The SAM constructed in this study involves the consumption and income patterns of 8 family types differentiated by the official poverty condition defined by the National Council of Social Program Evaluations (CONEVAL 2010, 2013). Ruiz (2012) made important contributions to measure the impact of GHG emissions and how to apply clean technologies or costs to emissions that will impact the highest polluting and productive sectors. To date, no studies have measured the impact of those policies on poor households. This research contributes to the literature by being the first study for Mexico that analyzes the GHG emissions related to different types of households, classified according to poverty conditions.

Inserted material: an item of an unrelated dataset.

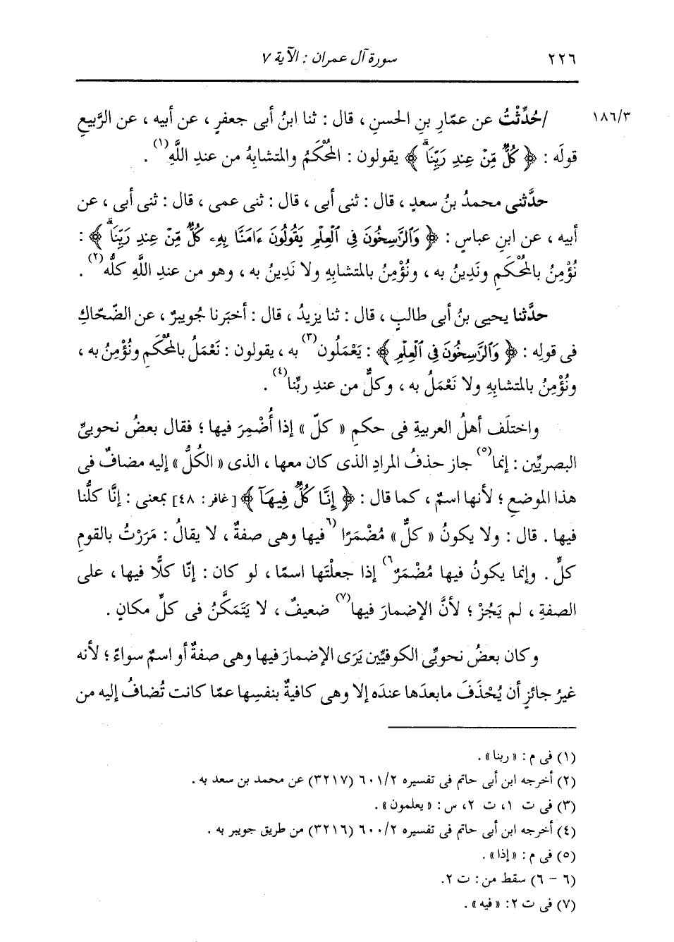 حَدَّثَنِي مُحَمَّدُ بْنُ سَعْدٍ، قَالَ: ثني أَبِي، قَالَ: ثني عَمِّي، قَالَ: ثني أَبِي، عَنْ أَبِيهِ، عَنِ ابْنِ عَبَّاسٍ: §وَالرَّاسِخُونَ فِي الْعِلْمِ يَقُولُونَ آمَنَّا بِهِ كُلٌّ مِنْ عِنْدِ رَبِّنَا «يُؤْمِنُ بِالْمُحْكَمِ وَيَدِينُ بِهِ، وَيُؤْمِنُ بِالْمُتَشَابِهِ وَلَا يَدِينُ بِهِ، وَهُوَ مِنْ عِنْدِ اللَّهِ كُلُّهُ»

Studies have investigated whether or not non-poor families generate more pollutants than poor families. In quantity terms, the expenditure of non-poor families is higher than that of poor families. Therefore, it could be expected that higher CO2 emissions are linked to non-poor family consumption, rather than poor family consumption. However, in relative terms, the answer to this question depends on the consumption patterns of the families. For instance, non-poor families may buy products that consume less energy than poor families (e.g., TV sets, refrigerators, and cars with more advanced technology), and therefore, emit lower amounts of CO2. Consequently, there is a high interest in assessing which household type is producing more CO2 emissions per unit of income.

Multi-sector models have been extensively applied to environmental analyses: emissions multipliers, structural decomposition multipliers analysis, and the economic and redistributive effects of mitigating emissions policies.3 In the case of Mexico, some of the studies have applied IO models, extended IO models and general equilibrium models (GEM) to analyze the environmental impact of economic policies and the redistributive effects of policies designed to mitigate GHG emissions. These studies include: Aroche, 2000; Ruiz N., 2012; Gale, 1995; Castillo, 2010; Bravo et al. 2013; Uri and Boyd, 1997; Becerril and Albornoz, 2010. However, none of these studies looked at the impact on the poor.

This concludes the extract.